原作が良くても、映像(映画・ドラマ)がイマイチだということは充分あり得る。

しかしその逆、原作が悪いのに、映像が素晴らしかったということはまず起こらない。冷静に考えてみたら、当然のこと。内容が魅力的でないものは、何をどうしても(映像化にしても)魅力的にはならないであろう。

では、書籍そのものについてはどうだろうか? 書かれている内容・中身と本の外見ともいえる装丁との関係。

内容・中身が良くて、装丁がイマイチ。逆に、内容・中身は駄目だが、装丁は素晴らしい。考えてみてほしい。

『愛は技術 何度失敗しても女は幸せになれる。』
川崎貴子著/KKベストセラーズ刊

答えはどちらもNO。良い本(ここでは、あえて売れる本とする)は、内容・中身、装丁どちらも良いのである。無論、装丁については、ベストセラー・ロングセラーは、書店にも長く積まれ、陳列されるため、「見慣れてくる」「違和感がなくなる」という無意識の効果があることも多分にあるのだが。

1日に何箱、何十箱と入荷してくる新刊段ボールたち! その段ボールを開け、新刊を書店員が取り出す時、「うわ! 売れそう、この本」と思う(感じる)瞬間がある。そして、大概それは当たる。

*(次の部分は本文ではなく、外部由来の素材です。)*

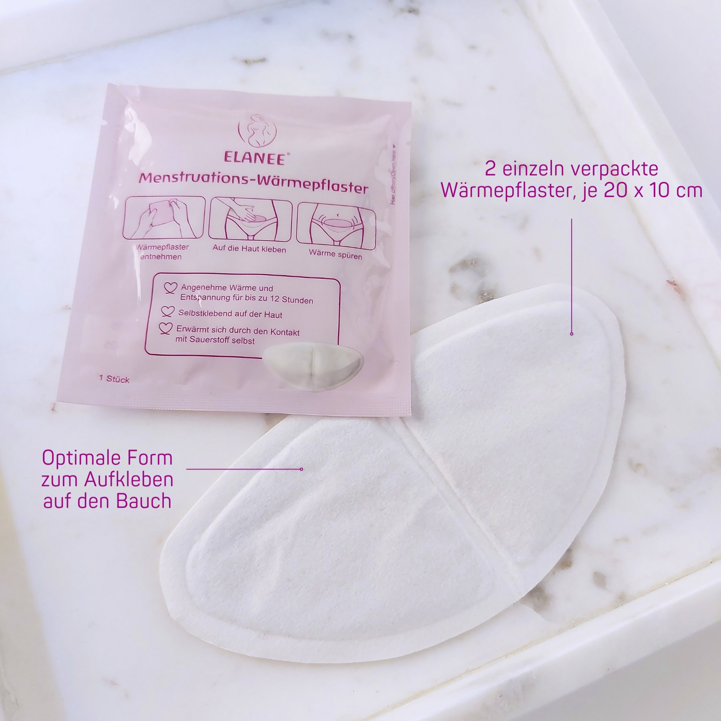 Das ELANEE Menstruations-Wärmepflaster spendet angenehme Wärme in der gewünschten Körperregion und hilft dabei zu entspannen. Das Wärmepflaster eignet sich neben der Anwendung auf dem Bauch auch zum Aufkleben auf Rücken, Schultern oder Nacken. Prüfen Sie vor der Anwendung, ob der Folienbeutel sowie das Wärmepflaster unversehrt sind. Wenden Sie das Produkt nicht an, wenn es beschädigt ist.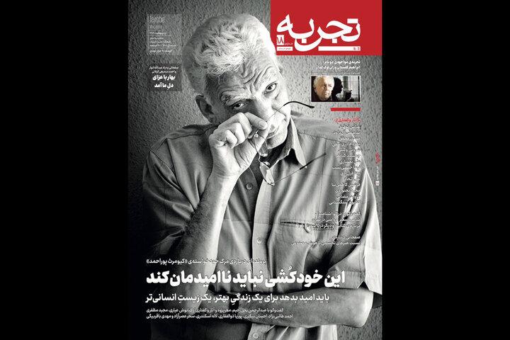 به گزارش خبرگزاری مهر، شماره هجدهم دوره جدید مجله «تجربه» با یک پروندهی ویژه دربارهی مرگِ خودخواسته کیومرث پوراحمد و نحوهی مواجهه جامعه با آن با عنوان اصلی «این خودکشی نباید ناامیدمان کند، باید امید بدهد برای یک زندگیِ بهتر، یک زیستِ انسانیتر» به همراه یادنامههایی برای احمد سمیعی گیلانی و عبدالله انوار و صفحاتی ویژه مواجهه ابراهیم گلستان و ژانلوکگُدار در «تا جمعه، رابینسون» به تازگی منتشر شده و روی پیشخان مطبوعات آمده است.

『愛は技術 何度失敗しても女は幸せになれる。』がそうだった。表紙はイラスト、赤い帯に「愛を乞うより、愛してしまえ。」という印象的なコピー、そしてエッセイスト・小島慶子の推薦文。目立つが、浮ついたところ、媚びたところがまったく感じない装丁。売れる予感がした。そして、中身は……実に魅力的なエッセイであった。